> TASK INSTRUCTIONS: In the entries below, find the line with "Common fields include" and the line with "a náhradním klíčem". Reproduce those two lines and every line between them exactly, and nothing more.

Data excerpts
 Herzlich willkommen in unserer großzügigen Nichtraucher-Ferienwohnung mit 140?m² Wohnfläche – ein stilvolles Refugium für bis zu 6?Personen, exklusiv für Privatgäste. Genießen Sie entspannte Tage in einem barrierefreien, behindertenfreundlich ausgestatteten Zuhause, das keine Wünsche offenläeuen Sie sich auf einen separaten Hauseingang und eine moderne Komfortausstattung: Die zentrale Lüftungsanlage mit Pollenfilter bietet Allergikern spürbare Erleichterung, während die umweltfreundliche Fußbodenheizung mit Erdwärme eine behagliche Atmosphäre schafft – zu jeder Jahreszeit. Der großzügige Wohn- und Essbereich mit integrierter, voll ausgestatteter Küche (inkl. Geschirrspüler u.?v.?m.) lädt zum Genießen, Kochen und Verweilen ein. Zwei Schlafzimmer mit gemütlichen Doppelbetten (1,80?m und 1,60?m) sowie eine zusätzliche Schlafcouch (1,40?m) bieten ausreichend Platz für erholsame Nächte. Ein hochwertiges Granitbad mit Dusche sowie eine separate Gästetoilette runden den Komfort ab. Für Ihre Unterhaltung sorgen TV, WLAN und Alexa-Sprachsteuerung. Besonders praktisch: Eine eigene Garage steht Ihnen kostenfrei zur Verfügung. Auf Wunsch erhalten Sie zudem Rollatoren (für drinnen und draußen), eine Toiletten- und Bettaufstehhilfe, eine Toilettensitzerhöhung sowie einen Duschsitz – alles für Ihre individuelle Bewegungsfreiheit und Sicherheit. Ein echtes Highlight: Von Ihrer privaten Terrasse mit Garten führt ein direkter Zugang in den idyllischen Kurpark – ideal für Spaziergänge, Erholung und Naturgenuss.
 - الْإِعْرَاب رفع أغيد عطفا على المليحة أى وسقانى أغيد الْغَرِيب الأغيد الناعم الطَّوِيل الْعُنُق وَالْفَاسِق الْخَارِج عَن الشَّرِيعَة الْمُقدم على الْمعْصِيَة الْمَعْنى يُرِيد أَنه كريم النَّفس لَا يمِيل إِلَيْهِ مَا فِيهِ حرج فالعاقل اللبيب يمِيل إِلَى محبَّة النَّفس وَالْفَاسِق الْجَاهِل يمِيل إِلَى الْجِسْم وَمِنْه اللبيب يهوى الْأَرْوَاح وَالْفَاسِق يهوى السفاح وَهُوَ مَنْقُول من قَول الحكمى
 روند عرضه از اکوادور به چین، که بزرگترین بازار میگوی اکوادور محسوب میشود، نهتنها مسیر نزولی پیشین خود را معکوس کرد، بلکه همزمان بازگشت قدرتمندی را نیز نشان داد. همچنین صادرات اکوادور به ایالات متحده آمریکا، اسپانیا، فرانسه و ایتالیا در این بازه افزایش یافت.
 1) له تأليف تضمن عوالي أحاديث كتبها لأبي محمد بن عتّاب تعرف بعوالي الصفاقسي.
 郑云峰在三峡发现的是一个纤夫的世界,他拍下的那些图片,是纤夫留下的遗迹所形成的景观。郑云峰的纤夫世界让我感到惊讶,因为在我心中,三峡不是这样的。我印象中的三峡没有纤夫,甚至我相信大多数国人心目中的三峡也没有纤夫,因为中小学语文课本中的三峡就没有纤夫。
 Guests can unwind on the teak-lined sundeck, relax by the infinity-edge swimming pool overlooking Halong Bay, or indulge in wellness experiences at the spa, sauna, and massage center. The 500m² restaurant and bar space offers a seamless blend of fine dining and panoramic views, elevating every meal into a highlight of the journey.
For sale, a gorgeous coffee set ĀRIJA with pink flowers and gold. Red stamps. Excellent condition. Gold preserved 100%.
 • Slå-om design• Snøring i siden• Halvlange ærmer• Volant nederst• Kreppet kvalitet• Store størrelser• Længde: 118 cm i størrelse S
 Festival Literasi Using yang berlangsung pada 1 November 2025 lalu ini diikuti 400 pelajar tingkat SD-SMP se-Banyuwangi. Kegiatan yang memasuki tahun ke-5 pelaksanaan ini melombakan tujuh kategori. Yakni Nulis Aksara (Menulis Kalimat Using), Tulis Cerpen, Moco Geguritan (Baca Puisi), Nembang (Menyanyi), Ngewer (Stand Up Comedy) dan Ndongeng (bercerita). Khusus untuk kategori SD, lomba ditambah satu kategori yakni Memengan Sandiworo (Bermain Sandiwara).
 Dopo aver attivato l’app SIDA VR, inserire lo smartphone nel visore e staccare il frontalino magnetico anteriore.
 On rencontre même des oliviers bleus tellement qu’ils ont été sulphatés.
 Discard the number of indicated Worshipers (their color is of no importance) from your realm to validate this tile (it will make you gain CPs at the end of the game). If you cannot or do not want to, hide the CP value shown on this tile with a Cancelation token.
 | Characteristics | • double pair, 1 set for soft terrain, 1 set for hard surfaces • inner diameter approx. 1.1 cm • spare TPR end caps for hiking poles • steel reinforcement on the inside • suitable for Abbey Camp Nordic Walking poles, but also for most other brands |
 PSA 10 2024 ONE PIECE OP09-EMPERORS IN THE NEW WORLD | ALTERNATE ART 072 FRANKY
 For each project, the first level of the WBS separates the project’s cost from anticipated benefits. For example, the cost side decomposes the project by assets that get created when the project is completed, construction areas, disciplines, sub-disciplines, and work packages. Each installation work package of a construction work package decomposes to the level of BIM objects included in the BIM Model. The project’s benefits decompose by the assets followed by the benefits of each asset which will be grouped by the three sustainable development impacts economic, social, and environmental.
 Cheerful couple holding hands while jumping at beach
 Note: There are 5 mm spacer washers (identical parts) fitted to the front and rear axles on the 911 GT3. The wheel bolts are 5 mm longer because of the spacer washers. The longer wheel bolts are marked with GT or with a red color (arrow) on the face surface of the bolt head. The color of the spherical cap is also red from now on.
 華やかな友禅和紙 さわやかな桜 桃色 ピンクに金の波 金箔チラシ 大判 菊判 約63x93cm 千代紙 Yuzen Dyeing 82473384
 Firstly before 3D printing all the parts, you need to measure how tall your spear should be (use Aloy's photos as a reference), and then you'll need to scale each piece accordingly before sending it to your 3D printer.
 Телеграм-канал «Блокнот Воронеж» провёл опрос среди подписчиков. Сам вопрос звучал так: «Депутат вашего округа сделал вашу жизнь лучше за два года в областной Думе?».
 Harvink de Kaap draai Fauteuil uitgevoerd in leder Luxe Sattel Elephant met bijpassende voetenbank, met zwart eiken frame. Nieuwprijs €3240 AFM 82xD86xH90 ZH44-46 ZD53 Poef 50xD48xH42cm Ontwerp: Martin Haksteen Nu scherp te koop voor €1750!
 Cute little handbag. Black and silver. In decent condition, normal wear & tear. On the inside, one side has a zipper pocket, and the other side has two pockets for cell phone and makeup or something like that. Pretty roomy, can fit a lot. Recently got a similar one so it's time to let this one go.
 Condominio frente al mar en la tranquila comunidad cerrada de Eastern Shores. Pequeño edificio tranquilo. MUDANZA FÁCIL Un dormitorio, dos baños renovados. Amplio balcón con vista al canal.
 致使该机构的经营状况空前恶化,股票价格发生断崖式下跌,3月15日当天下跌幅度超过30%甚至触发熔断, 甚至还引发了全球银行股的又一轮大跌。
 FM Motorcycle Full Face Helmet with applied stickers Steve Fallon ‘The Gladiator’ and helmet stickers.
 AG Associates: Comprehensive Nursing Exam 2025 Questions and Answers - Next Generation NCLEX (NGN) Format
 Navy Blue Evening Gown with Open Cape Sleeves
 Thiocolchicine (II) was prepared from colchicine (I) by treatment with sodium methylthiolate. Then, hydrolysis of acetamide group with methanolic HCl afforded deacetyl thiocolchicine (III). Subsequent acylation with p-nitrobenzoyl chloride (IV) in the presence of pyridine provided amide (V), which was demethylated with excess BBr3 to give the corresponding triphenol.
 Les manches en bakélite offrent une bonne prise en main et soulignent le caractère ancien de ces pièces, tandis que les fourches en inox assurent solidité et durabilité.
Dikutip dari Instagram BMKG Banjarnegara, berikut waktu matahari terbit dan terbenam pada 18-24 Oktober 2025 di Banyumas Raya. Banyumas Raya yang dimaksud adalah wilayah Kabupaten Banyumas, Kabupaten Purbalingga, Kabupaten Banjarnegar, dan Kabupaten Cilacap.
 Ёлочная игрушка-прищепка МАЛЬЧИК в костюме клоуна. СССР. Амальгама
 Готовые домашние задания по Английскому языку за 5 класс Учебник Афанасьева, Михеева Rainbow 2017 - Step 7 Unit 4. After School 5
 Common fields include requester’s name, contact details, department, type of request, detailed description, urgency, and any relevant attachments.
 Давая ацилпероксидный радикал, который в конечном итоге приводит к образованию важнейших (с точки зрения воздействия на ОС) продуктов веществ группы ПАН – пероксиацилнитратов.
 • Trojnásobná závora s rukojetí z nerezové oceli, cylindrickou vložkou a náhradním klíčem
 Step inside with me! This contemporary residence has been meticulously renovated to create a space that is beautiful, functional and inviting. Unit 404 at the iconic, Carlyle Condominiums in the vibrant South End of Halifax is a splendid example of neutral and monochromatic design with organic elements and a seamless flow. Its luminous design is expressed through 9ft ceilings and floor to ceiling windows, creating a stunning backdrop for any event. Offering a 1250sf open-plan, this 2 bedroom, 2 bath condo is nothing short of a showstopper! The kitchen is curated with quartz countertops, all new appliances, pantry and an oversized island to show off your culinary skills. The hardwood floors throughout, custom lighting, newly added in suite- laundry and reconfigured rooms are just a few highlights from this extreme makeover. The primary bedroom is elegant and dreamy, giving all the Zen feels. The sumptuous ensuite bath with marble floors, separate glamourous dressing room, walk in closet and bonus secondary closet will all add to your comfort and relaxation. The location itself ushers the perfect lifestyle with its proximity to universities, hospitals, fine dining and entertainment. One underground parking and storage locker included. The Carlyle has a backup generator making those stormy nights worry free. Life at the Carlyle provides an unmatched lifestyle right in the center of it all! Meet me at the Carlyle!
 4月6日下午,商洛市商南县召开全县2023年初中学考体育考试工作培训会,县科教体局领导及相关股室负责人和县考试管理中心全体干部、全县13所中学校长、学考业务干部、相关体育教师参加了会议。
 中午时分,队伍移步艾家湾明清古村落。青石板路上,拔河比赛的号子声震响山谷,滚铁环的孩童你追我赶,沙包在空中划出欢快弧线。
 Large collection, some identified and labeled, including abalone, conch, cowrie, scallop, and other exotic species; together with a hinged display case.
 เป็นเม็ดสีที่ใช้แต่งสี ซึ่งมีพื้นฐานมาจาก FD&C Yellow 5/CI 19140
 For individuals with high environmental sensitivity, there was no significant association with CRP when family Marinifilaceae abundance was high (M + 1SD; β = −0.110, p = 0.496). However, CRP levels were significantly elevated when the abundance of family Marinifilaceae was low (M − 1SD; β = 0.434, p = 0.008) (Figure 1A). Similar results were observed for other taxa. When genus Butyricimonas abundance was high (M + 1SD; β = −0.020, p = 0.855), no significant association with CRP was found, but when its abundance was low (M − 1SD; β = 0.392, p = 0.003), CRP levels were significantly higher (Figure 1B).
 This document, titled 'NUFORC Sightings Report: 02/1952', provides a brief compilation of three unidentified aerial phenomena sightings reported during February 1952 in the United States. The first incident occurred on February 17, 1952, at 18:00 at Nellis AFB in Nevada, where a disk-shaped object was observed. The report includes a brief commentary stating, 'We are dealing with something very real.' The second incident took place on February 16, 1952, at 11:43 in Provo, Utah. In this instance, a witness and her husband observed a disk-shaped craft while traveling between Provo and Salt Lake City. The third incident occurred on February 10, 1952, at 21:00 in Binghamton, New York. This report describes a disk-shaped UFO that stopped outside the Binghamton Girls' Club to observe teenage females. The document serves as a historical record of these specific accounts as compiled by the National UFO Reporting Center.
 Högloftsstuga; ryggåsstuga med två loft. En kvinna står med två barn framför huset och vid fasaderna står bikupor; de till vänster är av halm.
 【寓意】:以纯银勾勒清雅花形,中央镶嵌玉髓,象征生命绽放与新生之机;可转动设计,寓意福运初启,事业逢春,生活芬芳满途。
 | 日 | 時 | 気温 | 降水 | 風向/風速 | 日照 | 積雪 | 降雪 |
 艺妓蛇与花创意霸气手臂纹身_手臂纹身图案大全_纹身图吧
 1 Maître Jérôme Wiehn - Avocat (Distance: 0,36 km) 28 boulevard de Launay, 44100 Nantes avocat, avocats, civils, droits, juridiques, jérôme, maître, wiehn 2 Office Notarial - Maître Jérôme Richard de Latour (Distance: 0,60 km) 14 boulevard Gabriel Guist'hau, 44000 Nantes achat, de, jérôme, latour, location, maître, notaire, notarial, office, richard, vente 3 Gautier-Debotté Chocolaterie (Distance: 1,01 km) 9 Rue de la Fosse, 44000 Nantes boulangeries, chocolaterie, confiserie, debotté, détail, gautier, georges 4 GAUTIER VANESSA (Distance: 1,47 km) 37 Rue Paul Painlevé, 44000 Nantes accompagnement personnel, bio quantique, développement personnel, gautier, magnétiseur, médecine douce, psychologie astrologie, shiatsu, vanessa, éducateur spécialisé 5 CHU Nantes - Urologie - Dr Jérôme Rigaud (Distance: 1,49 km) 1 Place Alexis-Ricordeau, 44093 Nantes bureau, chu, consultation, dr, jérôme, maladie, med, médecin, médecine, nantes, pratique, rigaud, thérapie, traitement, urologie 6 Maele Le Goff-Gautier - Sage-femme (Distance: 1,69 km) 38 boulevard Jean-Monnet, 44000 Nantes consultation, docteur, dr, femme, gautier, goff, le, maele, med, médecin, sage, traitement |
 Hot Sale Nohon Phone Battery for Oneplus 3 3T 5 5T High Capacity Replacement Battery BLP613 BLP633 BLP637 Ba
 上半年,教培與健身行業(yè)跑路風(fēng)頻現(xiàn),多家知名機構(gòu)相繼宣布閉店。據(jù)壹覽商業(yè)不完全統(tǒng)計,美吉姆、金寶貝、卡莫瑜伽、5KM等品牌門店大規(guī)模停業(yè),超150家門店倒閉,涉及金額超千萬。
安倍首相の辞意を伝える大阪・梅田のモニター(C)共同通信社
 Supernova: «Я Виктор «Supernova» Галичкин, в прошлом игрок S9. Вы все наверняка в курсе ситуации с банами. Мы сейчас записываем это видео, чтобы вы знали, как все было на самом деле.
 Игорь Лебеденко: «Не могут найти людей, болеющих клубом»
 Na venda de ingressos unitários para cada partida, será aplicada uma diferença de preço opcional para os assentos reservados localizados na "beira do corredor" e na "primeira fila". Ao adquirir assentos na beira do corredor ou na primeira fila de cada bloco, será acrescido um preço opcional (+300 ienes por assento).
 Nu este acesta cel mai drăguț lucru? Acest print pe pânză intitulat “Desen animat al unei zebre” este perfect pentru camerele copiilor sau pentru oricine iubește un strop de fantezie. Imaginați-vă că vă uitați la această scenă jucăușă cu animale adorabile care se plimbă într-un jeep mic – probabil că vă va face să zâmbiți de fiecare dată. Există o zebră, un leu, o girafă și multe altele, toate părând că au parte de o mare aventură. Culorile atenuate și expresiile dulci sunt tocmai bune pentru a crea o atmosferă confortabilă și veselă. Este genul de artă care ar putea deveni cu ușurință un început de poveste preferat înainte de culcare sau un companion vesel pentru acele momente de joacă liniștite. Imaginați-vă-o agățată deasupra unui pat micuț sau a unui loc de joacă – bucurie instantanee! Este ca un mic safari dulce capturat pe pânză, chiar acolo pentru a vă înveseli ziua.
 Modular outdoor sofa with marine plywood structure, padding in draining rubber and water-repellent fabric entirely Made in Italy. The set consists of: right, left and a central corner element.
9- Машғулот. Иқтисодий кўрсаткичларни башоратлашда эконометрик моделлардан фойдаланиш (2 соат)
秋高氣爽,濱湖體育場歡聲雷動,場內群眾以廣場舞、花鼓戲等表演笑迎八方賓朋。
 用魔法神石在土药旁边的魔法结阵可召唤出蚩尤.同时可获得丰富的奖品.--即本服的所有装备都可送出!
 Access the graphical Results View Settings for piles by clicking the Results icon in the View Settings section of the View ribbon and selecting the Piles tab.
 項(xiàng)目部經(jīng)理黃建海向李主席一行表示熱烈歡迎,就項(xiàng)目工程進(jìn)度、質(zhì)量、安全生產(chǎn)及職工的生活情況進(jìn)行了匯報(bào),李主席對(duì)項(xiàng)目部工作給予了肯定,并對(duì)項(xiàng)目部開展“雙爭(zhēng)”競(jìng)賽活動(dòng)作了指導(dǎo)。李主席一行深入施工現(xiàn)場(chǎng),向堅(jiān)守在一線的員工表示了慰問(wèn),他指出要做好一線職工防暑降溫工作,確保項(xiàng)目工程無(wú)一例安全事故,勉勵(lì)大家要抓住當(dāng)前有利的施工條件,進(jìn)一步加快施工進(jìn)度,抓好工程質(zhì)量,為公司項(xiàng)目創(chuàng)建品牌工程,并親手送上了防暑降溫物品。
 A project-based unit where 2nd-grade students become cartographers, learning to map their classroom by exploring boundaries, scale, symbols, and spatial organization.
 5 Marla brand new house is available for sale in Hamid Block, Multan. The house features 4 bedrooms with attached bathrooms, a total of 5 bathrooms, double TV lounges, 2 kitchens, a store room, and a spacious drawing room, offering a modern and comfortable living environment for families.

> SOLUTION TO THIS EXERCISE:
 Common fields include requester’s name, contact details, department, type of request, detailed description, urgency, and any relevant attachments.
 Давая ацилпероксидный радикал, который в конечном итоге приводит к образованию важнейших (с точки зрения воздействия на ОС) продуктов веществ группы ПАН – пероксиацилнитратов.
 • Trojnásobná závora s rukojetí z nerezové oceli, cylindrickou vložkou a náhradním klíčem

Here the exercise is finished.